As Modernism, in its denial of a supernatural perspective, is a contradiction of religious truth, religious denominations that teach only vague precepts about earthly happiness dwindle quickly. Reliable statistics for last year indicate that the more a religious sect embraces the materialistic trends of a secular culture, the more it fades. While denominations with firm counter-cultural beliefs, however inadequate they may be, grew (Southern Baptists: +0.22%; Mormons: +1.56%; Jehovah’s Witnesses: +2.25%), the once popular "mainline" denominations are melting from the scene (United Methodists: –1%; Presbyterian Church: –2.36%; Episcopalians: –4.15%). The Catholic Church, which is not a denomination but rather the rock from which denominations are chipped, increased 0.88%, or about 640,000, and these figures, including priestly vocations, are highest where doctrine is clearest.
It is characteristic of Modernism that it engages platitudes about the human condition. Our Lord warned against the allurements of this: "There shall arise false Christs, and false prophets, and shall show great signs and wonders; so much that, if it were possible, they shall deceive even the elect" (Matt. 24:24). The true Christ never uttered platitudes. His words cut liars and consoled the innocent.
As with Modernism in religion, so does Statism in politics tend to be platitudinous, with what Chesterton called "easy speeches that comfort cruel men." Statism is the veneration of the secular government as the primary agent of human happiness. It removes faith and hope and love from their focus on God and reduces them to exclusively civil virtues. The language has emotional appeal, and can even foment hysteria, but it soon collapses, though its human toll is painful to count.

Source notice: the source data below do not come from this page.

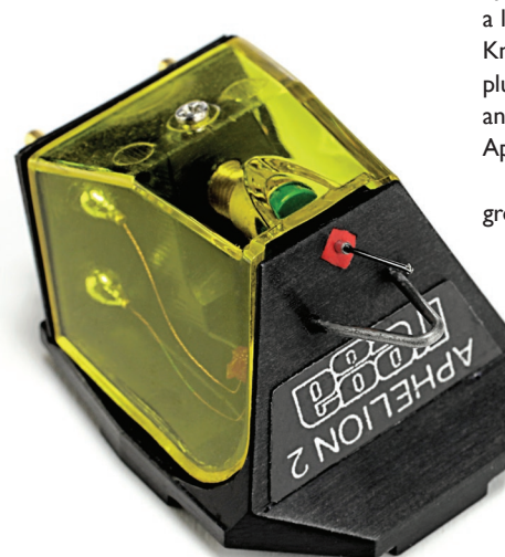
The body is compact in shape and light in weight - just 6gms.

Noise was more evident in a heavily played track, Out of Reach, from World of Blues Power (Decca, 1969) where the gloriously atmospheric vocals of Peter Green and his beautiful guitar work - second after Hendrix in my view - came over clearly, regular groove noise from heavy playing not being made intrusive. RIP Peter Green.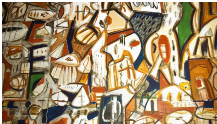
A Gronk wall.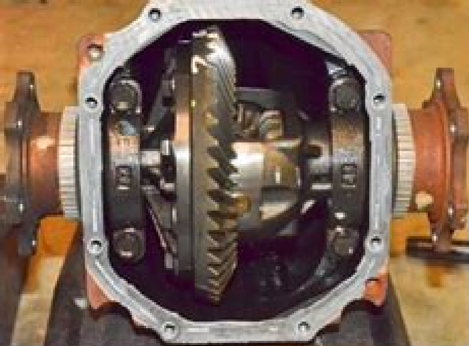
'07 350Z Base 6 Speed with the Open Diff, and 3.538:1 Gear Ratio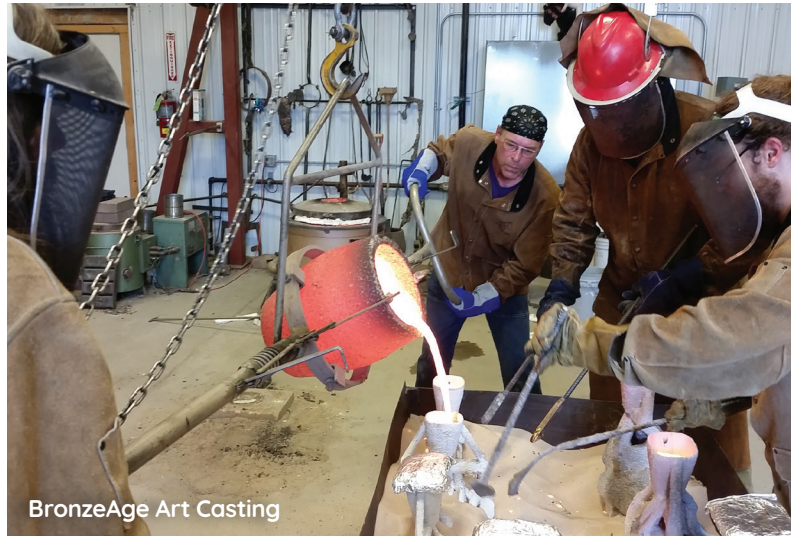
BronzeAge Art Casting

Hot metal. Cool art. It's South Dakota's only sculpture foundry! Full-service art foundry offering bronze, brass, aluminum and iron casting services to artists, architects, designers, communities, and individuals. This working foundry works with artists to create many of the bronze sculptures in the region and across the U.S. The tour takes you into the detailed and tedious process of bronze casting from the first steps of clay sculpture to the molten metal and finally into a bronze sculpture. Group will be split into several smaller groups to adapt to foundry space. Time: 60 minutes Admission: $12 per person

The twentieth century was littered with disasters caused by substituting illusions for the Heavenly Jerusalem. "But seek first the kingdom of God, and his righteousness; and all these things shall be added unto you" (Matt. 6:23). Unless human enterprises keep an eye on the ultimate goal of Heaven ("sub specie aeternitatis"), faith in progress is superstition, hope for the future is fantasy, and love of the good things of life is delusion. To fear nothing but the loss of Heaven is to activate the highest human virtues. To fear nothing but the loss of earthly life is to reduce all emotion to one mood, which fluctuates between mere neurosis and blatant despair, and that mood is terror.